◆ **Activity**:
Where the line containing "燃えているものの表面をめがけて放水！" appears, end your copy; everything from the first line of the records below up to and including it must be reproduced exactly.
[Start of section]
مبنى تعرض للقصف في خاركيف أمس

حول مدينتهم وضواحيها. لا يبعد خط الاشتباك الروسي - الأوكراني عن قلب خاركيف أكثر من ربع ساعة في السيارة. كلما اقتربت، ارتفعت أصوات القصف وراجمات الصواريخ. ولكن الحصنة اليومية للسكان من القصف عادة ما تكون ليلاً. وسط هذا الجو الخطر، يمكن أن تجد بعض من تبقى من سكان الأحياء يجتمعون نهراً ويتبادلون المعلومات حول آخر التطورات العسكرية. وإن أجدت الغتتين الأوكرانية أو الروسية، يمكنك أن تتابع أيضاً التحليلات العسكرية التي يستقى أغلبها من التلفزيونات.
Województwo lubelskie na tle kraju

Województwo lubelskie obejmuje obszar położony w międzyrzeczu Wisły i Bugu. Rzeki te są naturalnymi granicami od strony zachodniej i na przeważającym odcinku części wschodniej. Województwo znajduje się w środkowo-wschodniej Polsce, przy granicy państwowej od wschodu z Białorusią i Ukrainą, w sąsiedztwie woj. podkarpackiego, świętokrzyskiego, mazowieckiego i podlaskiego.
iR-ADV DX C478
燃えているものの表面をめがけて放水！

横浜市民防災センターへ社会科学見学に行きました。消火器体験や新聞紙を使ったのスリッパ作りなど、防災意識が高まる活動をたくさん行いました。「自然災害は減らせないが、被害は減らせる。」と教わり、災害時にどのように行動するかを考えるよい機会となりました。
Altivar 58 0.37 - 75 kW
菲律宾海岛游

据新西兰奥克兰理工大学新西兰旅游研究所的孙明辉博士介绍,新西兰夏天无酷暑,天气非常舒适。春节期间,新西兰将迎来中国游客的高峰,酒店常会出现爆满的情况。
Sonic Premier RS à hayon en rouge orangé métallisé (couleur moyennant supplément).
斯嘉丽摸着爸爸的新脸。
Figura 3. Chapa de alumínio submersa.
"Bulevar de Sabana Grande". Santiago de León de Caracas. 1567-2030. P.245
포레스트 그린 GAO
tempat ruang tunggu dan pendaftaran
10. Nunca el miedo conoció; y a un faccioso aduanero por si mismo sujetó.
[End of section]
◆ **Response**:
مبنى تعرض للقصف في خاركيف أمس

حول مدينتهم وضواحيها. لا يبعد خط الاشتباك الروسي - الأوكراني عن قلب خاركيف أكثر من ربع ساعة في السيارة. كلما اقتربت، ارتفعت أصوات القصف وراجمات الصواريخ. ولكن الحصنة اليومية للسكان من القصف عادة ما تكون ليلاً. وسط هذا الجو الخطر، يمكن أن تجد بعض من تبقى من سكان الأحياء يجتمعون نهراً ويتبادلون المعلومات حول آخر التطورات العسكرية. وإن أجدت الغتتين الأوكرانية أو الروسية، يمكنك أن تتابع أيضاً التحليلات العسكرية التي يستقى أغلبها من التلفزيونات.
Województwo lubelskie na tle kraju

Województwo lubelskie obejmuje obszar położony w międzyrzeczu Wisły i Bugu. Rzeki te są naturalnymi granicami od strony zachodniej i na przeważającym odcinku części wschodniej. Województwo znajduje się w środkowo-wschodniej Polsce, przy granicy państwowej od wschodu z Białorusią i Ukrainą, w sąsiedztwie woj. podkarpackiego, świętokrzyskiego, mazowieckiego i podlaskiego.
iR-ADV DX C478
燃えているものの表面をめがけて放水！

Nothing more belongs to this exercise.